§ WHAT YOU HAVE TO DO: Leaving out every picture, copy the lines of the material below exactly, from the line containing "Look at the" through the line containing "(서울=포커스뉴스) 14일 오후".

▼▼▼

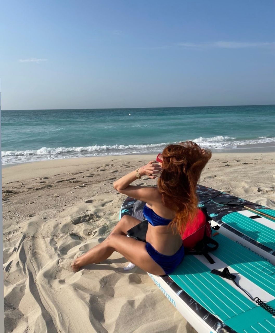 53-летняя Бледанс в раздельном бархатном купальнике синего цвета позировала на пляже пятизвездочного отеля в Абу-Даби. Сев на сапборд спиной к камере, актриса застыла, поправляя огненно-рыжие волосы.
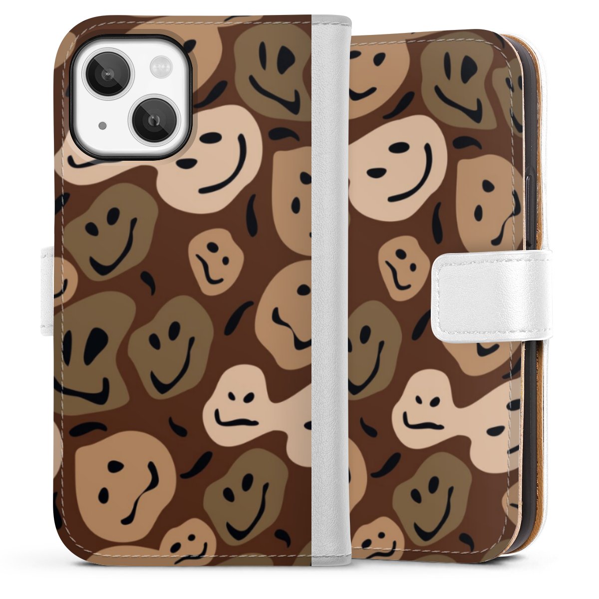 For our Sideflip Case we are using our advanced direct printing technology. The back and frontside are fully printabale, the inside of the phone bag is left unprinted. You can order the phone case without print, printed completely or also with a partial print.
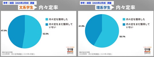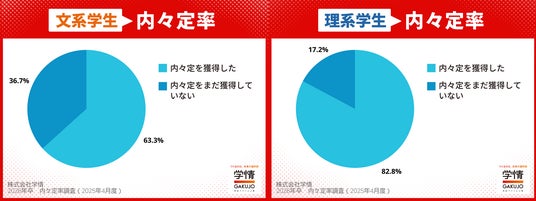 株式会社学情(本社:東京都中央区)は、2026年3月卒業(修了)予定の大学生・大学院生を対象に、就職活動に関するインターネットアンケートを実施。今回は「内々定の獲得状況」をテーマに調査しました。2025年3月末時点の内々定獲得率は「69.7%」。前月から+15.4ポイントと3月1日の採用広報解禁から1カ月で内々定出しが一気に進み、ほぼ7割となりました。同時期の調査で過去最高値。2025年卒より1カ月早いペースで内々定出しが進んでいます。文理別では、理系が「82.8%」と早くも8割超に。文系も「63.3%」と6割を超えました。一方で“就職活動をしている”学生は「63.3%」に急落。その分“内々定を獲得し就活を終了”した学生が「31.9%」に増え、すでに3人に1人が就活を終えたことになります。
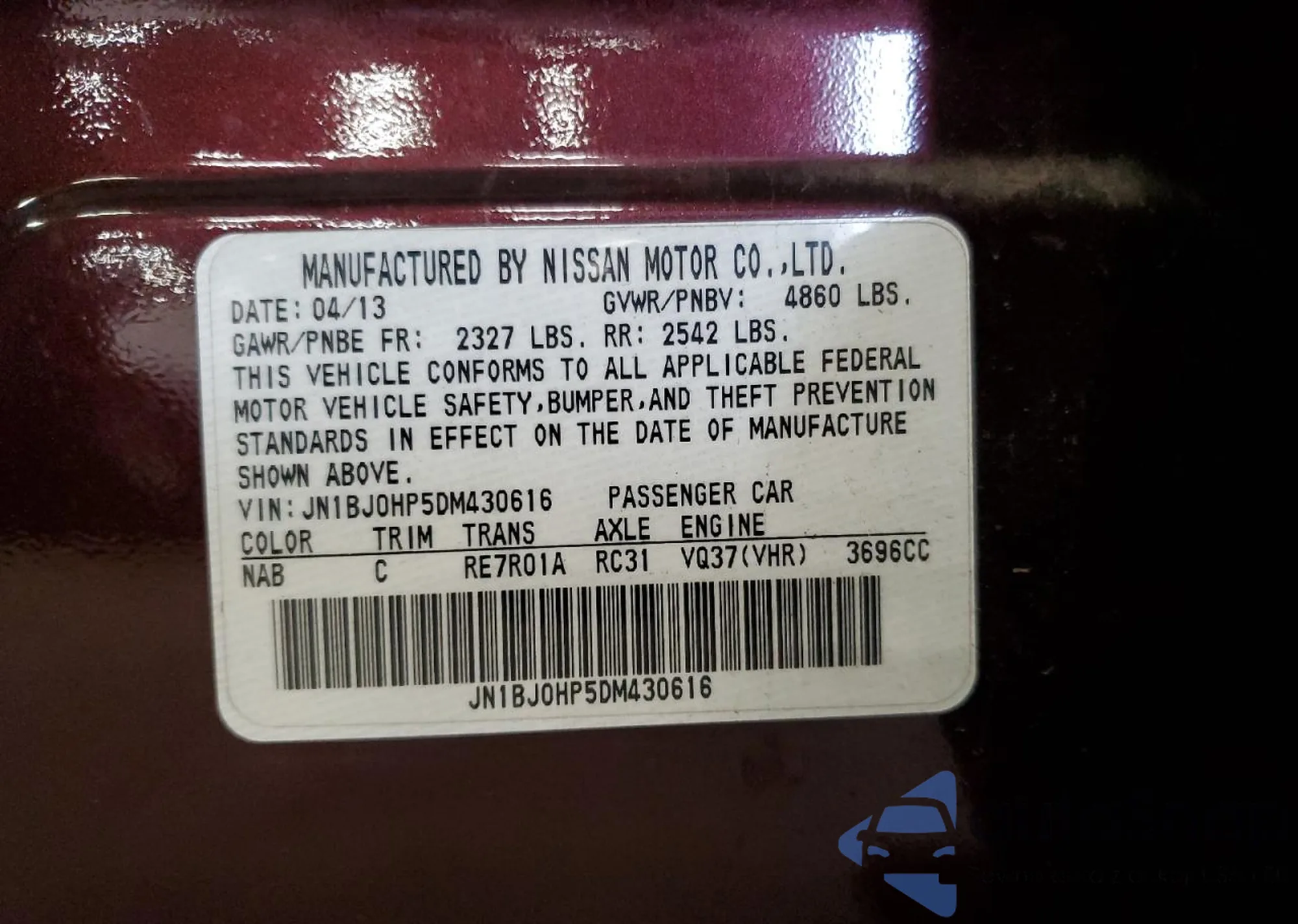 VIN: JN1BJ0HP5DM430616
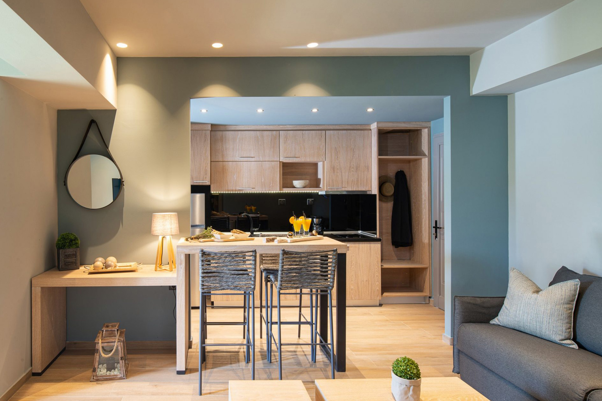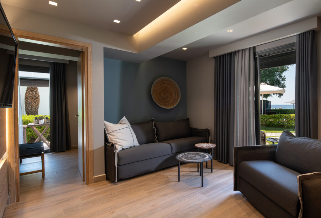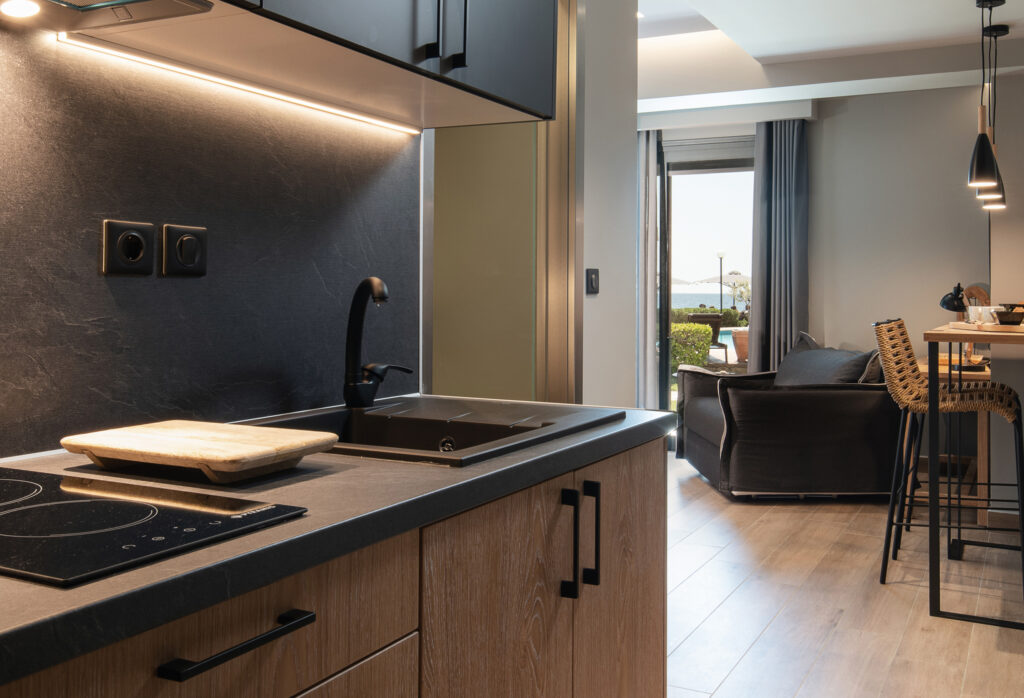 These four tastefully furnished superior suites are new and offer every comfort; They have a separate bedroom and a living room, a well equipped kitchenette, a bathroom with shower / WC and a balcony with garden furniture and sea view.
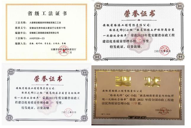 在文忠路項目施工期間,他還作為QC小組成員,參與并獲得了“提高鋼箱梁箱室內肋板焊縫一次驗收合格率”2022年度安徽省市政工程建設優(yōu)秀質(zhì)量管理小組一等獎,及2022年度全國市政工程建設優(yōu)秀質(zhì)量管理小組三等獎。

▲▲▲
▼▼▼

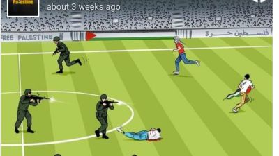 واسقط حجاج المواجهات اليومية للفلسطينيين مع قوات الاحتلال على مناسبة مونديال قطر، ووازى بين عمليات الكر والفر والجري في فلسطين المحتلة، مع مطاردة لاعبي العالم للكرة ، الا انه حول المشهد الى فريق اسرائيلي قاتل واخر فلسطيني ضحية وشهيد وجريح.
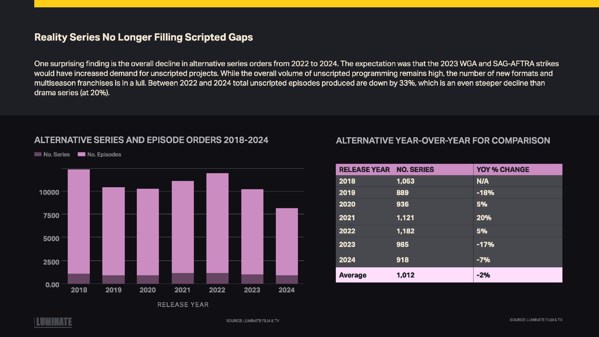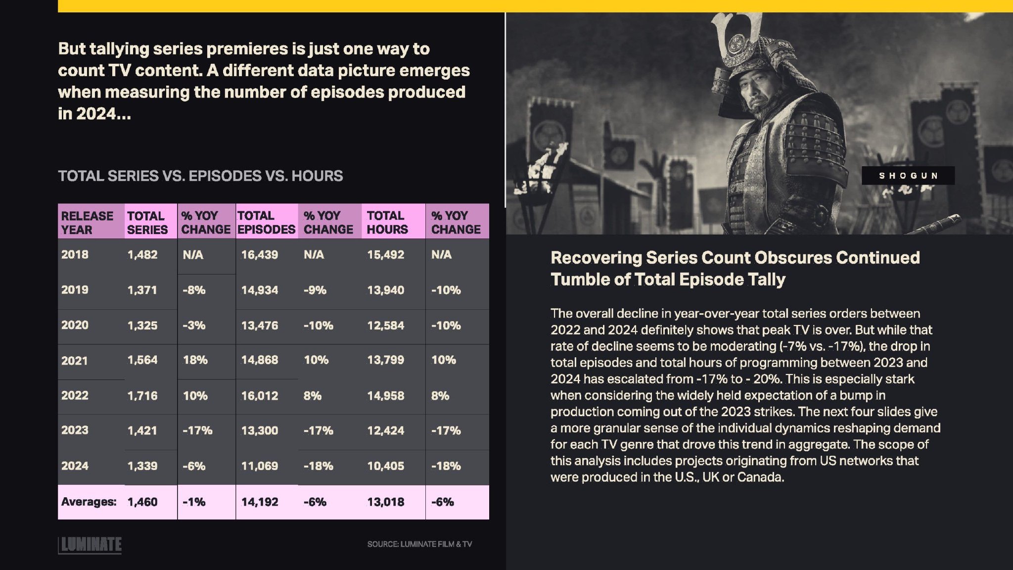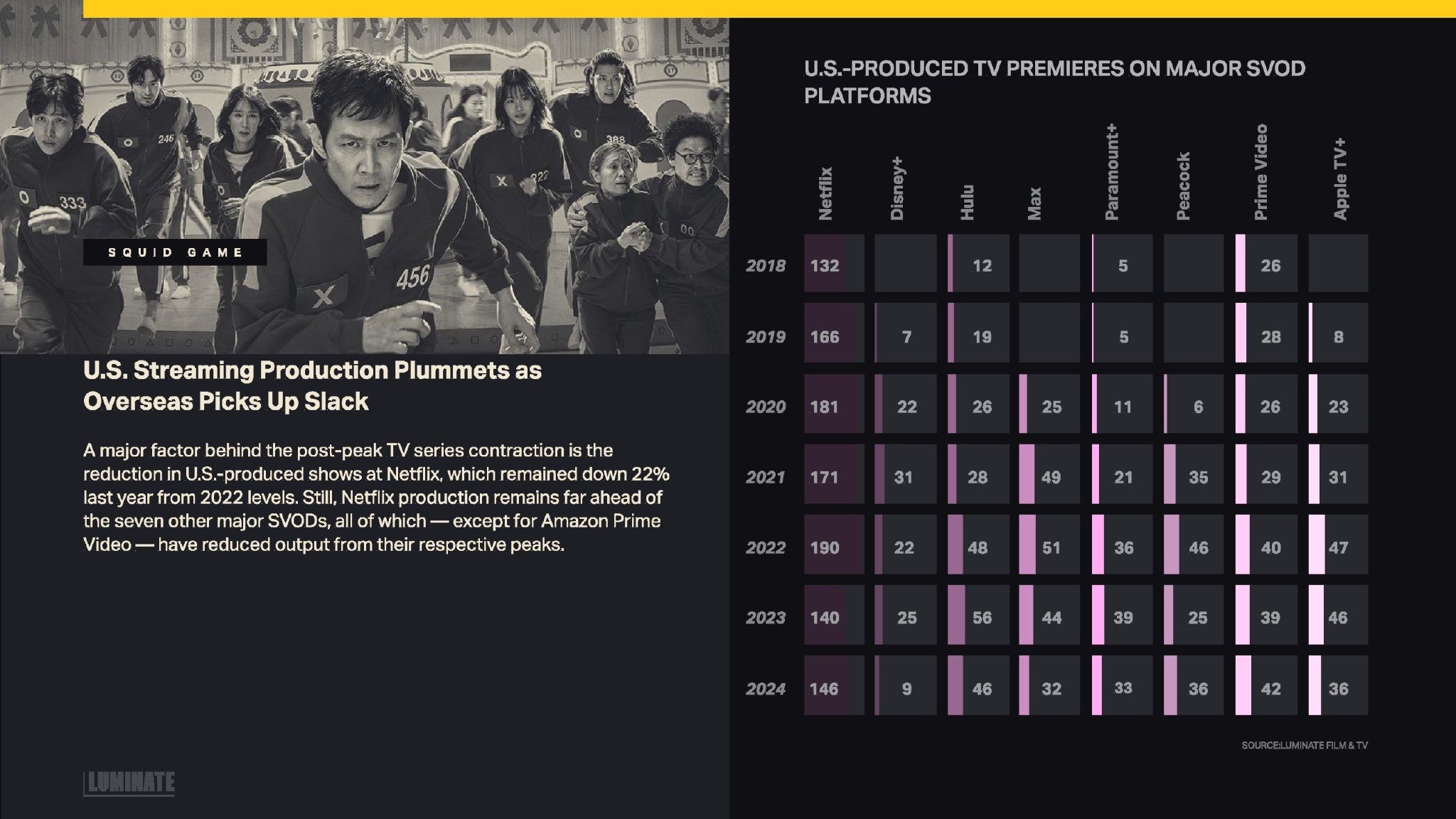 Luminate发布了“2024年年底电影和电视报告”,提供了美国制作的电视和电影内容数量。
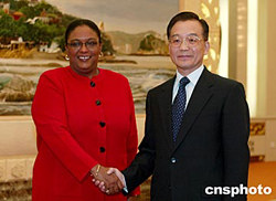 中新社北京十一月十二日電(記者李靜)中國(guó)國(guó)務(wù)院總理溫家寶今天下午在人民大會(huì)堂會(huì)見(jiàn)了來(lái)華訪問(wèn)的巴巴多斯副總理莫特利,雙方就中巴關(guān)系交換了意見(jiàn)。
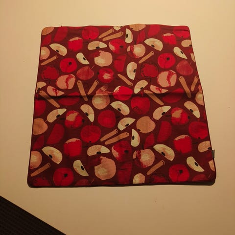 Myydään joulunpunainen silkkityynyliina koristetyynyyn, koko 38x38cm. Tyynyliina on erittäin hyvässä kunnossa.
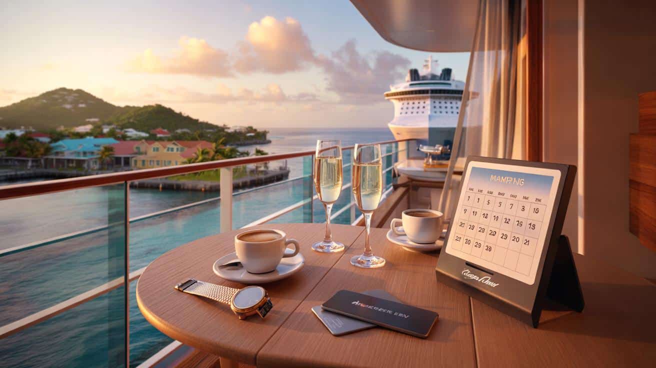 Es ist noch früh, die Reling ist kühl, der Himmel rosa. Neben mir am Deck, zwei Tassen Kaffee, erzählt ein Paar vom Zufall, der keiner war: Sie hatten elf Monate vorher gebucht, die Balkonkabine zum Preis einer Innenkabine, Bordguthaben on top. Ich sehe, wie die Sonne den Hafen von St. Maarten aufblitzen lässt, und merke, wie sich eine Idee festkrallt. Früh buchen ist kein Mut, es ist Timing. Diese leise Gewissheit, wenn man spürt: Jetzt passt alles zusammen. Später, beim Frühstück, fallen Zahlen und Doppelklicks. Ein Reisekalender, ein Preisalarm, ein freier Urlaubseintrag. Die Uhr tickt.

▲▲▲
▼▼▼

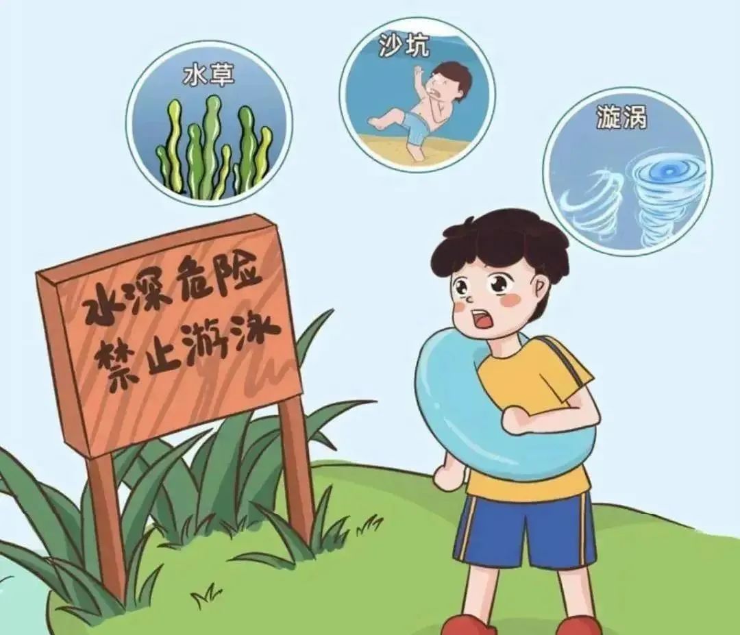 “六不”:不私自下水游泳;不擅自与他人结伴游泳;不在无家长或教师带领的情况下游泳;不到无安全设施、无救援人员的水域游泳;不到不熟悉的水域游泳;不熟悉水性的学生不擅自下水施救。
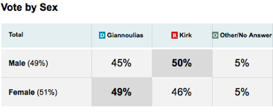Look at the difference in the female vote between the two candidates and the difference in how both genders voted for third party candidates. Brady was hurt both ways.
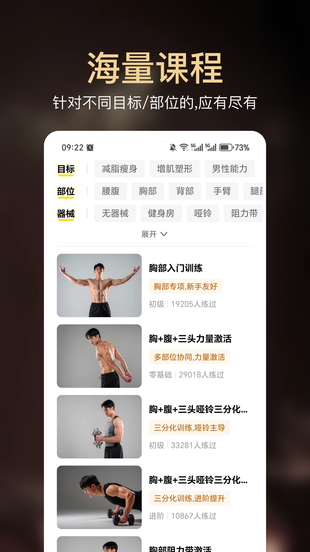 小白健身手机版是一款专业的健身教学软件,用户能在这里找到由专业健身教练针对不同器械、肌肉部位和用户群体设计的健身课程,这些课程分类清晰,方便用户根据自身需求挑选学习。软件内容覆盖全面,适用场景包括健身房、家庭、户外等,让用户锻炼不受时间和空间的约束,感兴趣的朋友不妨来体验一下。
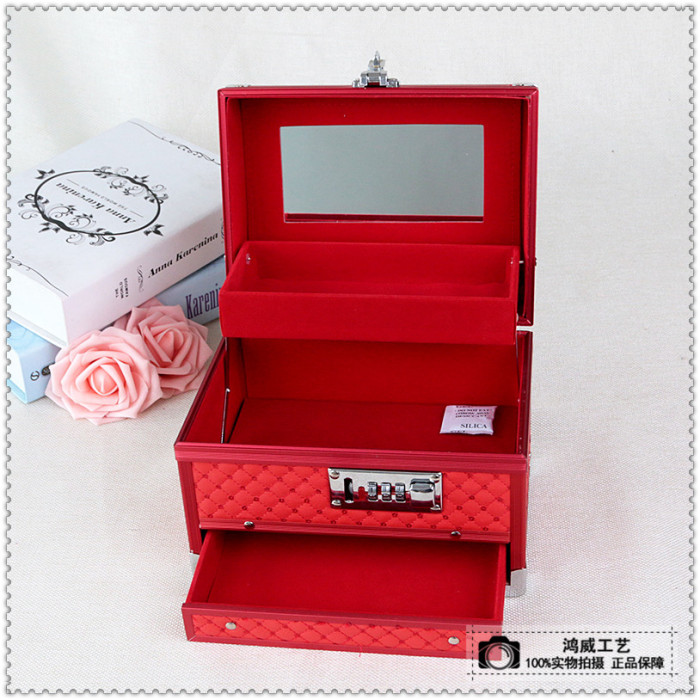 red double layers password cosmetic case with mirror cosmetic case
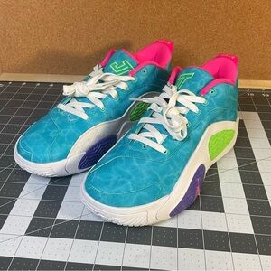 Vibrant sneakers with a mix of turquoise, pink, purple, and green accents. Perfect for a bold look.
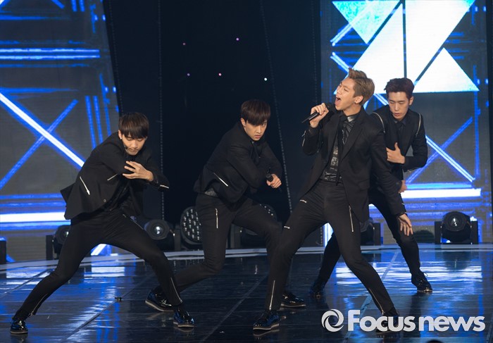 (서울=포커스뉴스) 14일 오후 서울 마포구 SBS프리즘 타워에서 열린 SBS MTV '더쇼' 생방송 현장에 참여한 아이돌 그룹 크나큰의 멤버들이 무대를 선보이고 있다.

▲▲▲

§ OUTPUT OF THE EXERCISE:
Look at the difference in the female vote between the two candidates and the difference in how both genders voted for third party candidates. Brady was hurt both ways.
 小白健身手机版是一款专业的健身教学软件,用户能在这里找到由专业健身教练针对不同器械、肌肉部位和用户群体设计的健身课程,这些课程分类清晰,方便用户根据自身需求挑选学习。软件内容覆盖全面,适用场景包括健身房、家庭、户外等,让用户锻炼不受时间和空间的约束,感兴趣的朋友不妨来体验一下。
 red double layers password cosmetic case with mirror cosmetic case
 Vibrant sneakers with a mix of turquoise, pink, purple, and green accents. Perfect for a bold look.
 (서울=포커스뉴스) 14일 오후 서울 마포구 SBS프리즘 타워에서 열린 SBS MTV '더쇼' 생방송 현장에 참여한 아이돌 그룹 크나큰의 멤버들이 무대를 선보이고 있다.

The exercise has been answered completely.